It is considered that the cordyceps for use in the present invention can also use the above fruiting bodies. It is preferable to use an extract obtained by extracting an active ingredient from mycelium with hot water (for example, W096 / 00580 and JP-A-8-12588). It was found that the addition of the extract to the fermentation product of citrus molasses further increased the aldehyde dehydrogenase activity. The operation of culturing and extracting the mycelium of Cordyceps sinensis is a known method (for example, W096 / 00580 and JP-A-8-12588).

That is, the cultured mycelium of Cordyceps s inens is added with malt extract, yeast extract, peptone, potato broth, glucose, vitamins, amino acids, nucleic acids, proteins, and, if necessary, host components such as insects. Inoculate the medium and perform liquid or solid culture. For large-scale culture, use liquid culture in an aeration-stirred fermenter (100 to 30 O rpm). Culture is performed at pH 4 to 7, at a culture temperature of 20 to 30 ° C, 3 to 10 days. After completion of the culture, the cultured mycelia are extracted with hot water (85 to: L 00 ° C). Alternatively, extraction may be carried out with water or an aqueous solvent containing a small amount of an acid, base or organic solvent soluble in water. Remove the residue by centrifugation or filtration. The resulting caterpillar fever The water extract may be used as it is in the present invention, or may be concentrated by a conventional method or used as a freeze-dried powder.
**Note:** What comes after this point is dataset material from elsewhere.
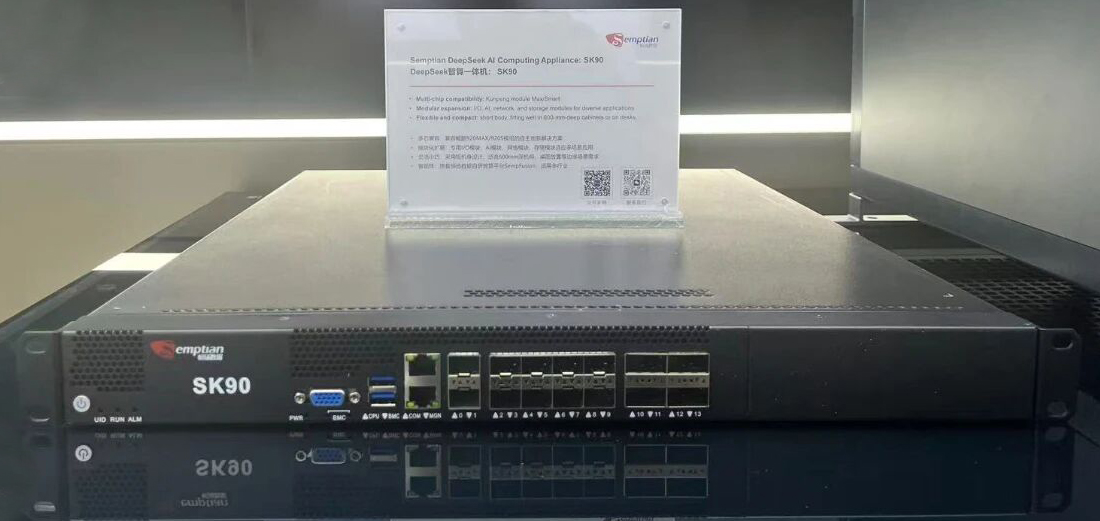 SK90智算一體機:采用1U高密度設(shè)計,搭載2顆鯤鵬920處理器(單顆CPU最高64核、2.6GHz),最大支持256GB DDR4內(nèi)存,配備多個10GE/25GE/100GE光口,無需額外網(wǎng)卡即可實現(xiàn)百G級網(wǎng)絡(luò)直連。設(shè)備支持2張昇騰AI算力卡擴展,單卡INT8算力高達(dá)352TOPS,可本地化部署DeepSeek系列1.5B-32B參數(shù)大模型,為企業(yè)AI訓(xùn)練推理、大數(shù)據(jù)分析提供開箱即用的高性能算力支撐。

Ingestion of fermented citrus molasses prior to alcohol consumption lowers blood acetoaldehyde. In addition, ingestion of the fermentation product and cordyceps extract further lowers blood acetate aldehyde. That is, when a fermented product of citrus molasses or a mixed composition of the fermented product and a cordyceps extract is obtained, the effect of preventing and improving sickness and hangover is obtained. This preventive effect is based on the action of the fermented product of citrus molasses to increase the activity of aldehyde dehydrogenase, as described above. Cordyceps extract does not show any activity to increase the activity of aldehyde dehydrogenase. The reason why Cordyceps sinensis extract enhances the enzyme activity is not clear, but Cordyceps sinensis extract has an effect of increasing hepatic blood flow (Food Style 21, vol. 2, No. 5, 1998) and AT in the liver. The action of increasing the amount of P production (Jpn. J. PHarmacol., 70: 85-88, 1996) is known. It is considered that the increase in hepatic blood flow by the cordyceps extract promotes the influx of the fermentation product into the liver and increases aldehyde dehydrogenase activity in hepatocytes. In addition, the action of aldehyde dehydrogenase requires the coenzyme NAD, and NAD is synthesized from nicotinic acid and ATP. However, it is thought to increase the activity of aldehyde dehydrogenase.

Analysis of the components that enhance aldehyde dehydrogenase activity in the fermented product of citrus molasses revealed that some components were contained, but the effective concentrations of these components and the content in the fermented product were taken into account. Then, the action of the fermentation product cannot be explained by the action of each of these components. Further, a composition in which these components are mixed in the content ratio of the fermentation product cannot explain the effect of the fermentation product. As a result, the action of the fermentation product to enhance the activity of aldehyde dehydrogenase is considered to be based on the combined action of the components containing the fermentation product.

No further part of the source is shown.